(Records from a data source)
*** Block opens ***

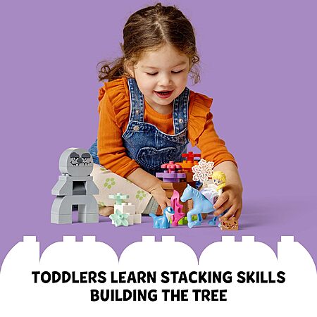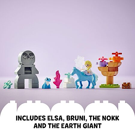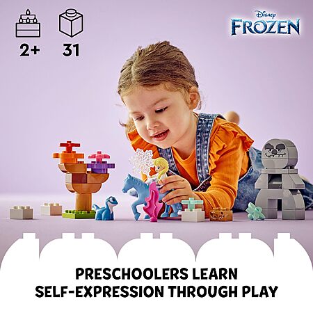 - Buildable fantasy toy for little Disney Frozen 2 fans – Whisk toddlers away on a Disney Frozen 2 adventure with this LEGO DUPLO Disney Elsa & Bruni in the Enchanted Forest building toy Disney Frozen 2 building toy for 2-year-olds and up – Includes a buildable forest scene, an Elsa mini-doll, Bruni the salamander and the Nokk water horse figures and an Earth Giant figure LEGO DUPLO role-play building toy for preschool kids – Toddlers develop self-expression by imagining they're Elsa, Bruni or the Nokk water horse traveling through the forest to befriend the Earth Giant Includes accessories recognizable from the movie – Comes with a snow crystal element, Elsa mini-doll, Bruni's pink flame element and a buildable snow scene for creative free play Great birthday gift for toddlers – Treat a toddler who's on their best behavior with this buildable fantasy toy, a fun everyday or special-occasion gift for 2-year-old fans of Disney's Frozen 2 movie A safe play experience – The bricks and pieces of LEGO DUPLO Disney sets are rigorously tested to ensure every building toy meets the highest global safety and quality standards Learning through play – LEGO DUPLO sets engage preschoolers and develop their fine motor skills and self-expression, while parents share in their precious developmental milestones
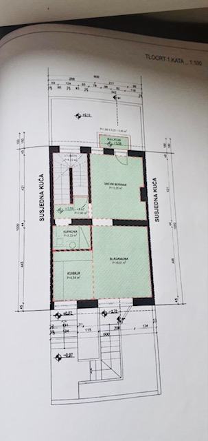1. kat: boravak sa kuhinjom i blagovaonicom, spavaća soba sa izlazom na balkon, kupaonica i hodnik.
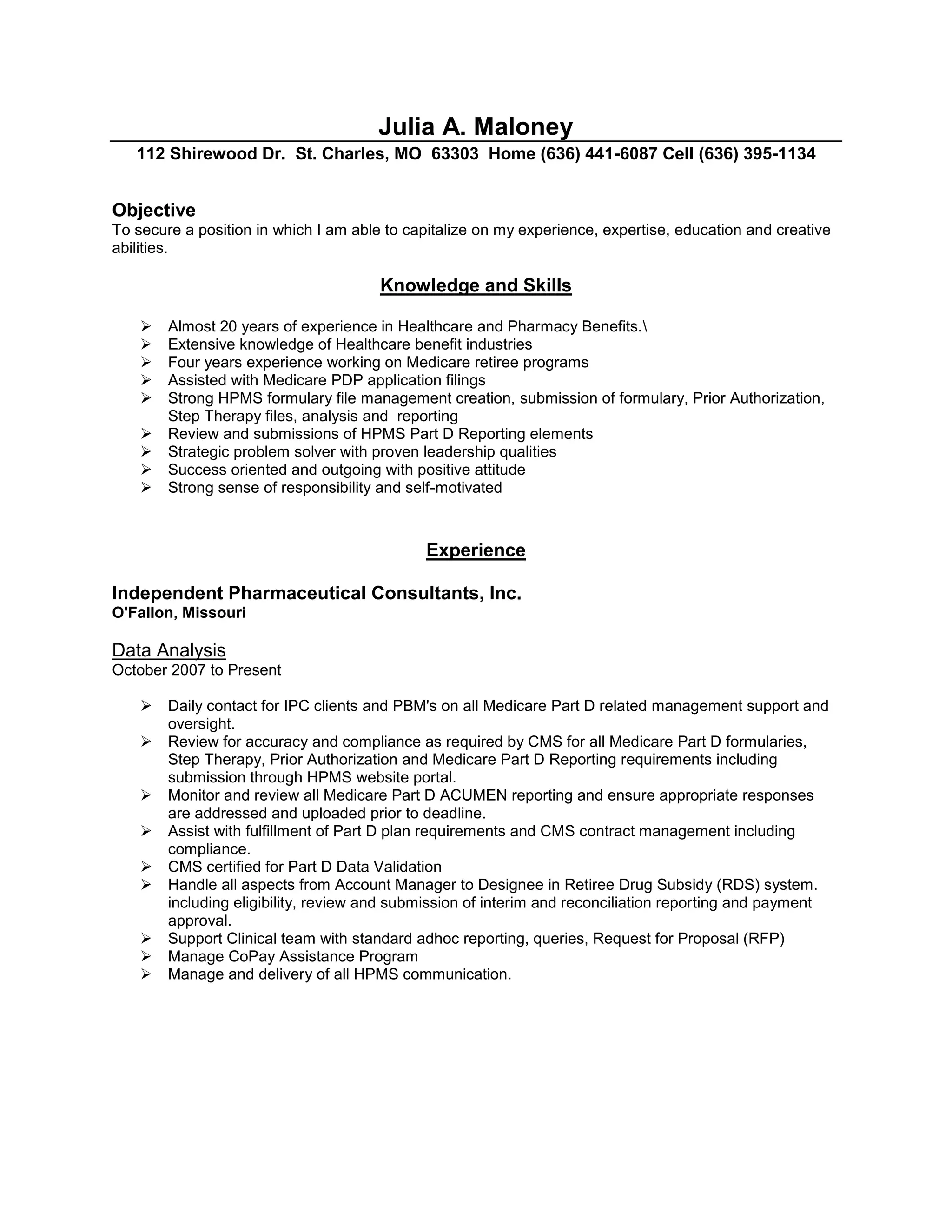 Julia Maloney is seeking a position that utilizes her almost 20 years of experience in healthcare and pharmacy benefits. She has extensive knowledge of healthcare industries and Medicare programs from roles managing Medicare Part D data and ensuring compliance. Maloney has a proven track record of strategic problem solving and leadership with clients and PBMs.
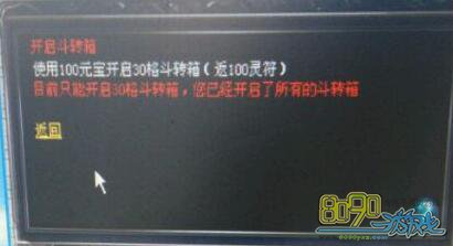 使用100元宝开启30格斗转箱(返还100灵符),目前只能开启30格斗转箱,您已经开启了所有的斗转箱。
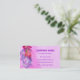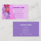 Joli carte de visite avec un design floral semi-abstrait dans les tons rose, bleu et mauve sur un arrière - plan rose, aux lettres violettes. Le verso est violet avec lettrage blanc. Prêt pour vous à customiser avec vos propres détails.
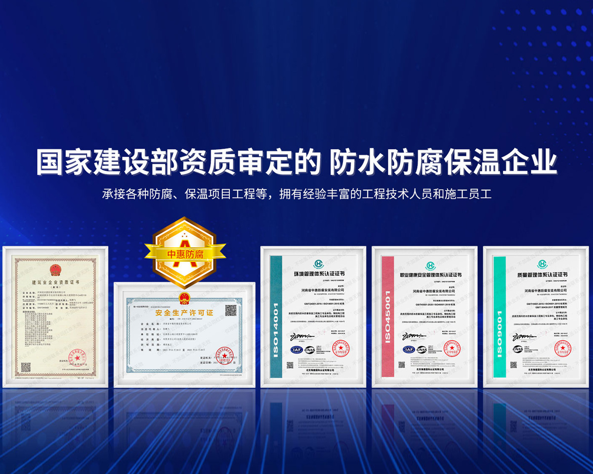 公司經營范圍:防水防腐保溫工程;消防設施工程;建筑裝修裝飾工程;建筑機電安裝工程;電力工程;建筑工程;石油化工工程;工業清洗工程;油罐清洗工程;鋼結構工程;環保工程;模板腳手架工程;電纜防火封堵、防污閃噴涂、外墻外保溫工程;各類施工勞務作業;設備維修、船舶鉚焊、涂裝;電力工程材料、建材、防水材料、防火材料、防腐保溫材料銷售,并相繼通過了GB/T19001-2008idtISO9001:2008GB/T50430-2007質量管理體系認證證書。GB/T24001-2004idtISO14001:2004環境管理體系認證證書。GB/T28001-2011idtOHSAS18001:2007職業健康安全管理體系認證證書。公司是中國防腐蝕于防護協會、中國施工企業管理協會、電力協會和中國鋼結構防水協會會員單位。 公司的經營業務涵蓋了石油、化工、電力、冶金、煤炭、船舶、國防、燃氣、水利、環保、交通運輸、航空及國防軍工和輕紡市政等行業的防腐保溫絕熱設備。鋼結構安裝、防火、防水、金屬噴鍍、聚脲噴繪、陰極保護、防滲透堵漏、玻璃鋼及各種磚版材料襯里、橡膠襯里、煙氣硫和耐酸溶劑腐蝕等工程施工。公司連續十年榮獲“省市先進施工企業”“安全生產先進單位”“重合同,守信用企業”和“AA***資質企業”的稱號。2000年被命名為市級文明單位,2002年被國家工商行政管理局命名為“重合同,守信用的企業”、被中國工業防腐蝕技術協會命名為“防腐蝕企業,能源節約及環境保護領域有豐富的經驗和***的業績。工程一次交驗合格率100%。其中攀枝花鋼鐵公司煉鐵廠四號高爐及熱風爐防腐工程、上海寶鋼公司煤氣柜防腐工程、撫順石油一廠裝置防腐項目、齊魯石化公司稀烴廠高塔防腐工程、吉林化學工業公司煉油廠油罐防腐工程、天津石化熱電廠六號爐頂棚聯絡管保溫工程、大慶油田(太倉)力神泵業工程、中國化學工程第十一建設工程、中原油田勘探局工程、中國石化銷售有限公司華北分部、魯皖輸油管道工程、貴州開磷息烽合成氨工程、陜西黃陵煤化工程、中國石油天然氣西部管道塔里木輸油工程、邯鋼集團邯寶鋼鐵公司煉鐵工程、德州供電工程、吉寶(南通)船廠工程,偃師華潤熱力工程、鄭州熱力總公司。 河南省中惠防腐安裝有限公司愿以豐富的施工經驗,***的技術,***的設備,***的管理,***的服務,竭誠為國內外廣大的用戶提供***滿意、******的工程作品。 我公司愿與國內外同仁一道,團結協作,共同推進防腐蝕行業發展! 公司地址:河南省長垣縣建設路北段360號 固定電話:0373-8866488 郵編:453400 網址:http://www_zhff_com_cn.schzp.com
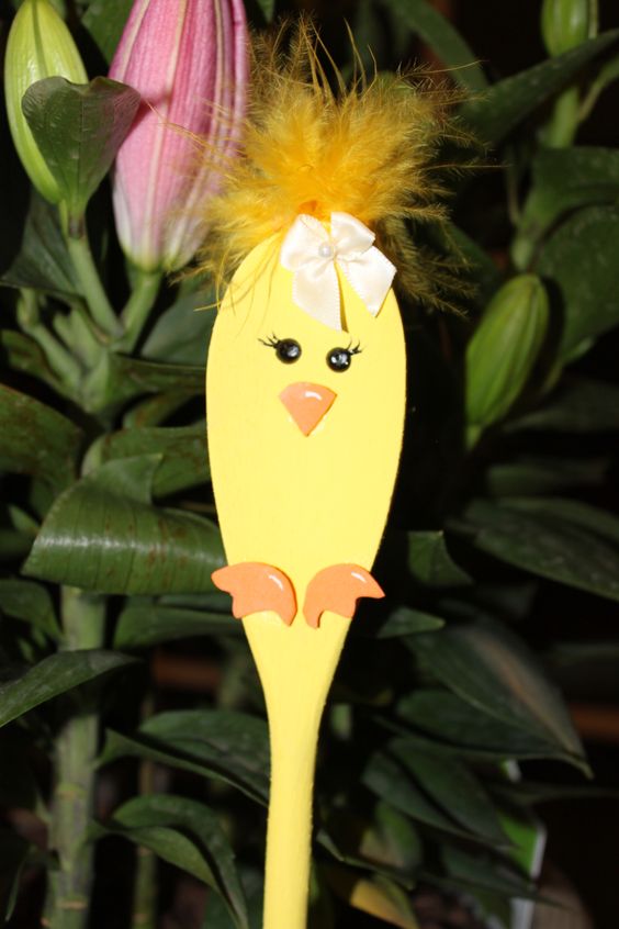 Basta poco per dare vita ad un animaletto che è uno dei tanti simboli della Pasqua. Con un mestolo di legno, magari inutilizzato, si realizza un pulcino simpatico ed originale. Dipingete di giallo il cucchiaio e poi incollateci sopra occhietti neri (o dipingeteli, se vi è più comodo);  con un pezzettino di cartoncino rosso o di feltro, realizzate il becco.
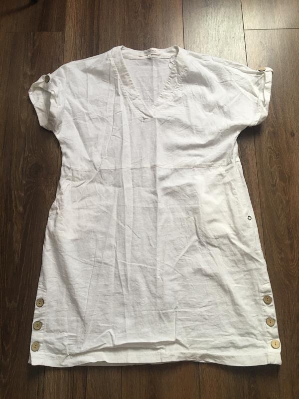 Лляне плаття з кишенями,є поясок.Довжина 90,пог58,пот51
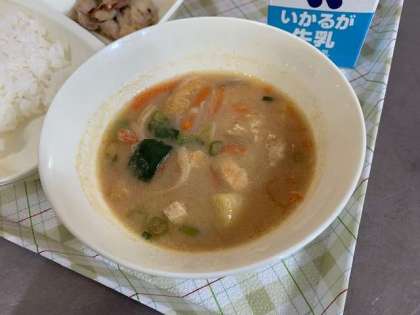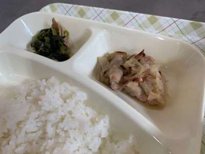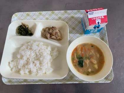 今日の給食は、鶏肉のゆず塩焼き、さつまいものおみそ汁、こまつなのにびたし、ごはん、牛乳です。

*** Block closes ***

▸ **EXERCISE INSTRUCTIONS**
In the entries above, find the line with "使用100元宝开启30格斗转" and the line with "Joli carte de". Return exactly those lines and all the ones between them, pictures excluded.

▸ **ANSWER FOR THE TASK**
 使用100元宝开启30格斗转箱(返还100灵符),目前只能开启30格斗转箱,您已经开启了所有的斗转箱。
 Joli carte de visite avec un design floral semi-abstrait dans les tons rose, bleu et mauve sur un arrière - plan rose, aux lettres violettes. Le verso est violet avec lettrage blanc. Prêt pour vous à customiser avec vos propres détails.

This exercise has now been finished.